It also calls for broader reform of mortgage serviceability rules

The Finance Brokers Association of Australia (FBAA) has welcomed recent changes by the Commonwealth Bank of Australia (CBA) to adjust the way student debt is factored into home loan applications, urging other lenders to follow suit.
CBA, the country’s biggest mortgage lender, announced it would no longer include Higher Education Loan Program (HELP) debts due to be paid off within 12 months in its home loan assessments. The bank will also lower the lending buffer applied to HELP debts due to be repaid within five years.
FBAA managing director Peter White (pictured above) said the changes reflect a more accurate picture of borrowers’ financial positions and would benefit many prospective homeowners.
“While we understand that HECS is a debt and should be included in any loan assessment, the time left to repay the debt should be taken into consideration,” White said.
The association also acknowledged the efforts of the federal government, particularly Treasurer Jim Chalmers, who earlier this year directed ASIC and APRA to review lending guidance related to HELP debts.
White said reducing the buffer for borrowers close to paying off their student loans would help many clear a key hurdle to homeownership.
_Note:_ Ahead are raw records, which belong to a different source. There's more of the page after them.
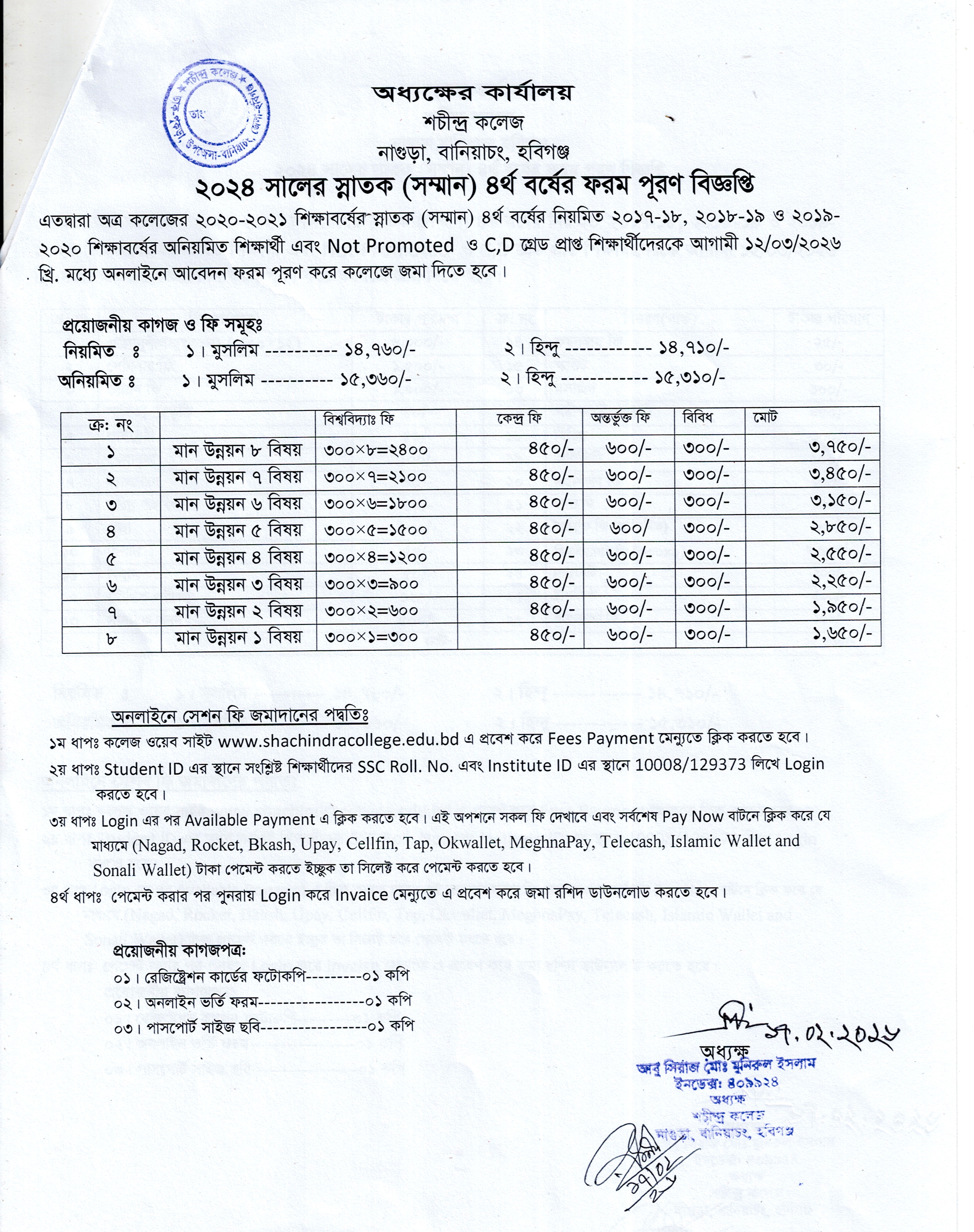 ২০২৪ সালের স্নাতক (সম্মান) ৪র্থ বর্ষের ফরম পূরণের সংশোধিত বিজ্ঞপ্তি
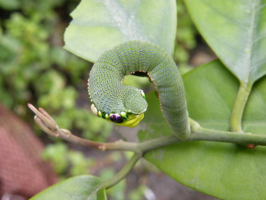 幼齡的大鳳蝶幼蟲長得像顏色偏綠的鳥糞,終齡幼蟲 則為綠色帶白色蕾絲花紋。長相像鳥糞的幼蟲最後將會變成鳳凰─鳳蝶。 ![]() 大鳳蝶終齡幼蟲
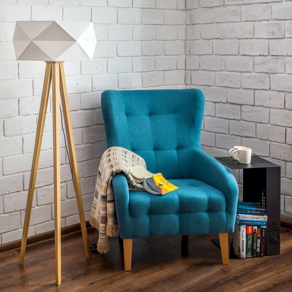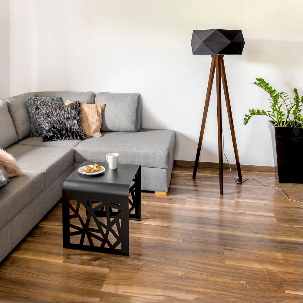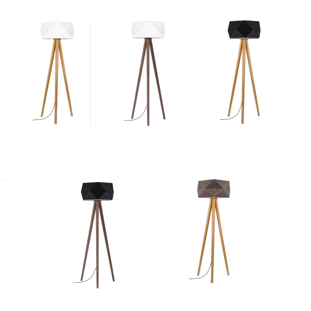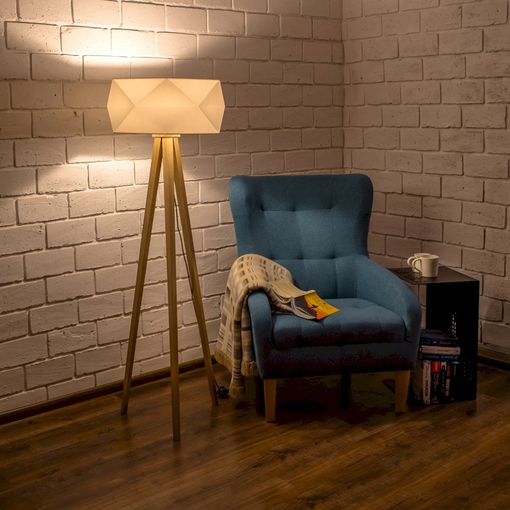 Das helle, warme Licht, das sanft durch den Stoff des Schirms dringt, bringt Wärme, Ruhe und Harmonie in den Raum. Der effektvolle, hölzerne Dreifuß bildet eine perfekte Ergänzung zu diesem geometrischen Design.
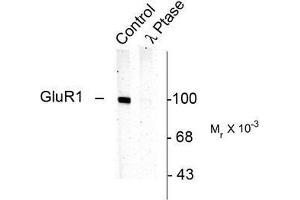 The ion channels activated by glutamate are typically divided into two classes. Those that are sensitive to N-methyl-D-aspartate (NMDA) are designated NMDA receptors (NMDAR) while those activated by alpha-amino-3-hydroxy-5-methyl-4-isoxalone propionic acid (AMPA) are known as AMPA receptors (AMPAR). The AMPAR are comprised of four distinct glutamate receptor subunits designated (GluR1-4) and they play key roles in virtually all excitatory neurotransmission in the brain (Keinänen et al., 1990, Hollmann and Heinemann, 1994). The GluR1 subunit is widely expressed throughout the nervous system. GluR1 is potentiated by phosphorylation at Ser831 which has been shown to be mediated by either PKC or CaM kinase II (McGlade-McCulloh et al., 1993, Mammen et al., 1999, Roche et al., 1996). In addition, phosphorylation of this site has been linked to synaptic plasticity as well and learning and memory (Soderling and Derkach, 2000).Synonyms: AMPA-selective glutamate receptor 1, AMPA1, GLUH1, GRIA1, GluR-1, GluR-A, GluR-K1, Glutamate receptor ionotropic
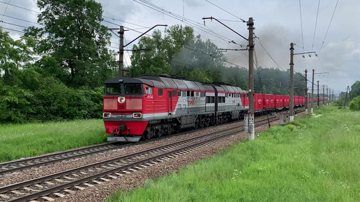 Отправление 2ТЭ116-647 с грузовым поездом. Сиверская
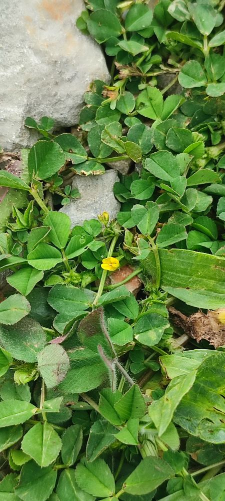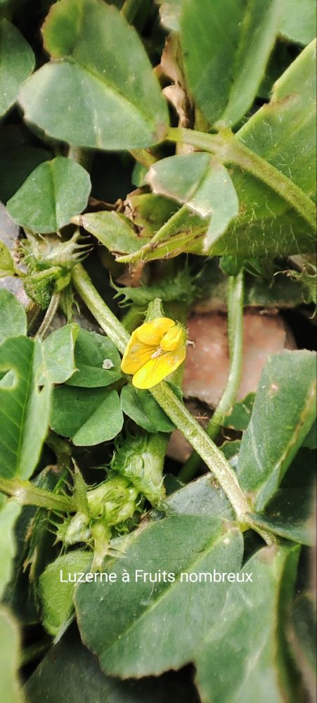 Une fleur jaune, la Luzerne à fruits nombreux ou une autre de couleur mauve, la rubéole des champs.
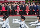 Il presidente cinese Hu Jintao ha visitato oggi la città di Hong Kong per il giuramento del nuovo leader politico della città, il 57enne Leung Chun-ying. La cerimonia si è tenuta in una data importante per Hong Kong: quindici anni fa, il primo luglio 1997, la sovranità di Hong Kong venne trasferita dal Regno Unito alla Cina, un passaggio che viene chiamato nel Regno Unito “the Handover” (“la Cessione”), ma in Cina “la Riunificazione” o “il Ritorno”. Hong Kong continua a mantenere uno status molto particolare all’interno della Repubblica Popolare Cinese, e il rapporto degli abitanti della città con il resto del paese è spesso difficile: per questo motivo, la visita di Hu Jintao è stata accompagnata da grandi proteste e da manifestazioni a cui hanno partecipato migliaia di persone.
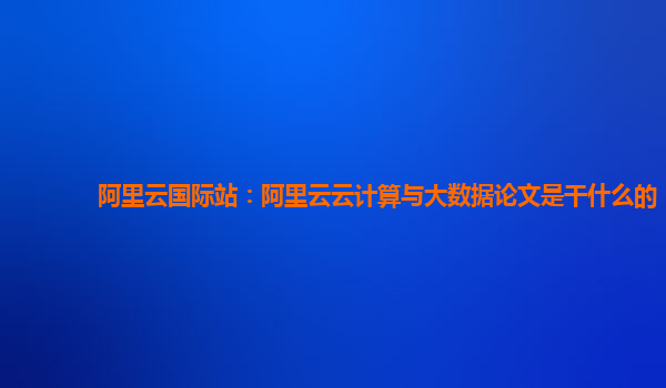 阿里云國際站:阿里云云計算與大數(shù)據(jù)論文是干什么的
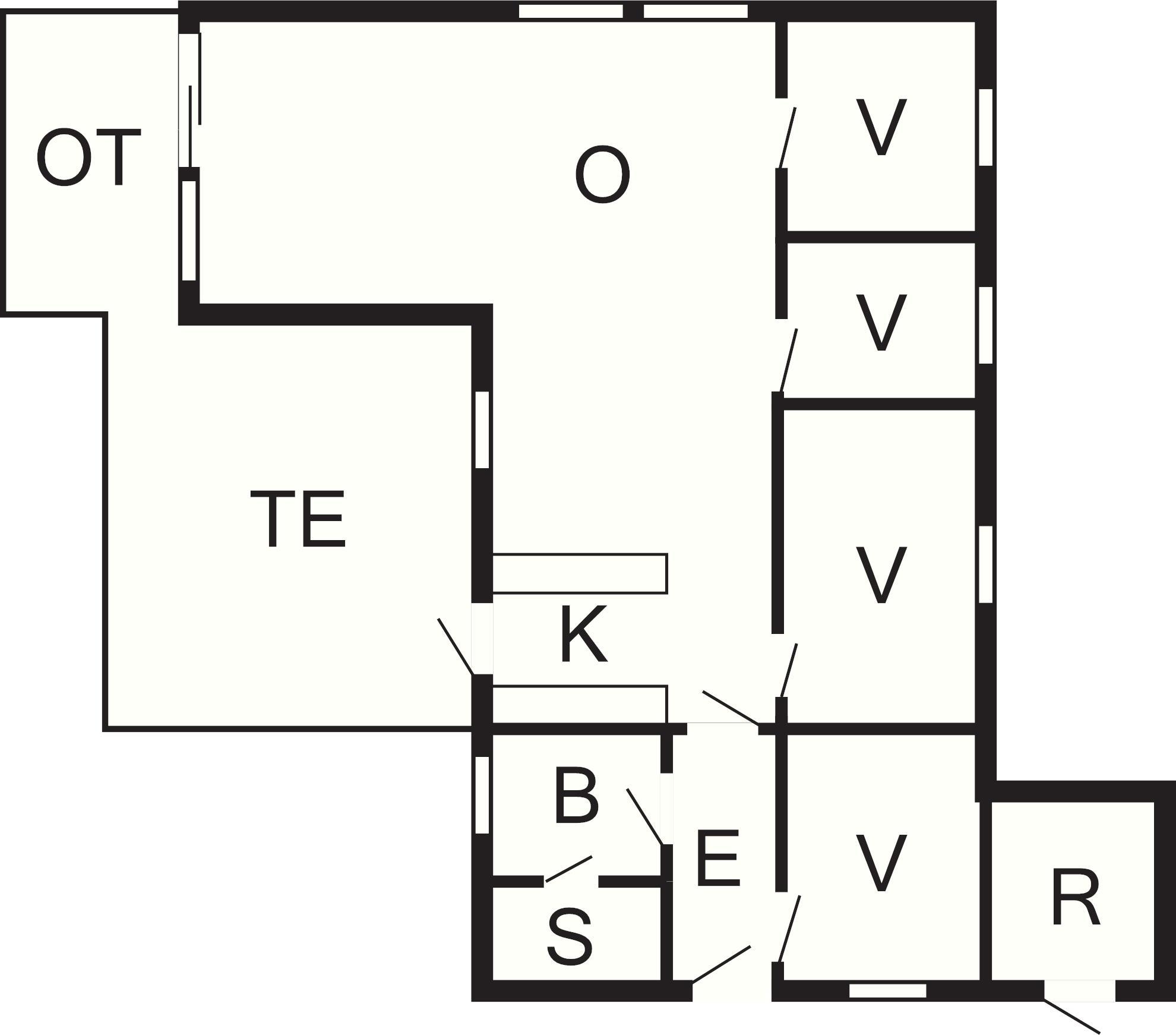 4 Soveværelser: (1DS)+(1DS)+(2S)+(4K), barneseng og høj stol
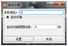 系統(tǒng)設(shè)置窗口如圖22所示,可設(shè)置當(dāng)前本機(jī)的地址編號(hào)和圖層的自動(dòng)切換及時(shí)間。本機(jī)地址編號(hào)用于CAN通訊地址設(shè)定;自動(dòng)圖層的切換,則可以查看不同的疏散分區(qū)狀態(tài)。
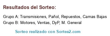 Lista de participantes: Pañol, Camas Bajas, Ventas, DyP, Transmisiones, Repuestos, Motores, M. General.
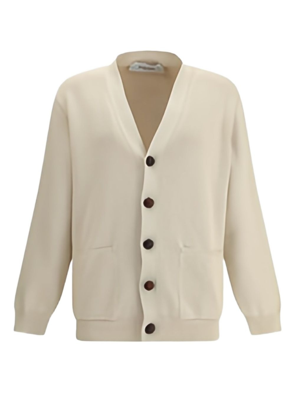 ribbed back-logo cardigan Highlights - Off-white - Ribbed knit - V-neck - Button fastening - Patch logo - Welt pockets Imported Composition Organic Cotton 100% Washing instructions Read Manufacturer Guidelines
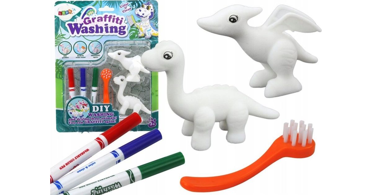 • LeanToys Art Set DIY Dinosaurs Figurines 2pcs Markers Brush
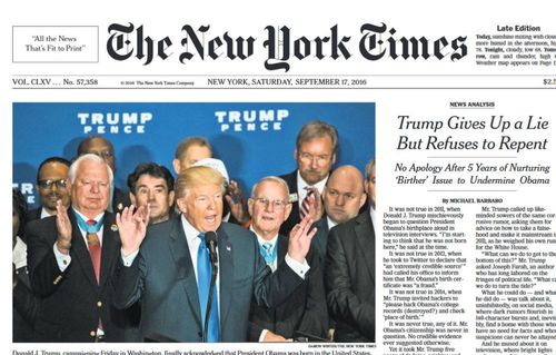 "Trump Gives Up a Lie But Refuses to Repent" howled the headline over the lead story in The New York Times.
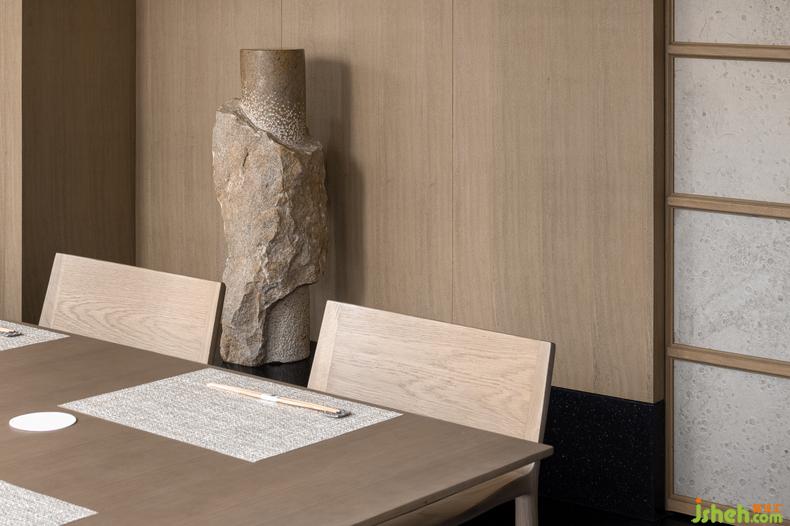 △《器》:研磨的石雕塑象征匠心精神。寓意著用心準備的器具,力求為客人做出最好的料理。

“The reduction in the serviceability buffer for those who have between one and five years left on their repayments will be a significant help and enable many to not only reach the threshold to get a loan, but to secure a higher loan that may mean the difference between securing the property they seek, or missing out,” he said.
The FBAA has encouraged other banks to adopt similar policies, arguing that many borrowers who are otherwise financially capable are being held back from entering the property market.
The industry body has long argued that the standard 3% mortgage serviceability buffer is overly restrictive. It has called for regulators and lenders to reassess this setting, especially given the precedent set by CBA’s reduction for HELP debt.
“If a 1% serviceability buffer is viable for those with a HECS debt, why is a rate of 1.5% to 2% not viable for all borrowers?” White said. “We again call on the government to act on this.”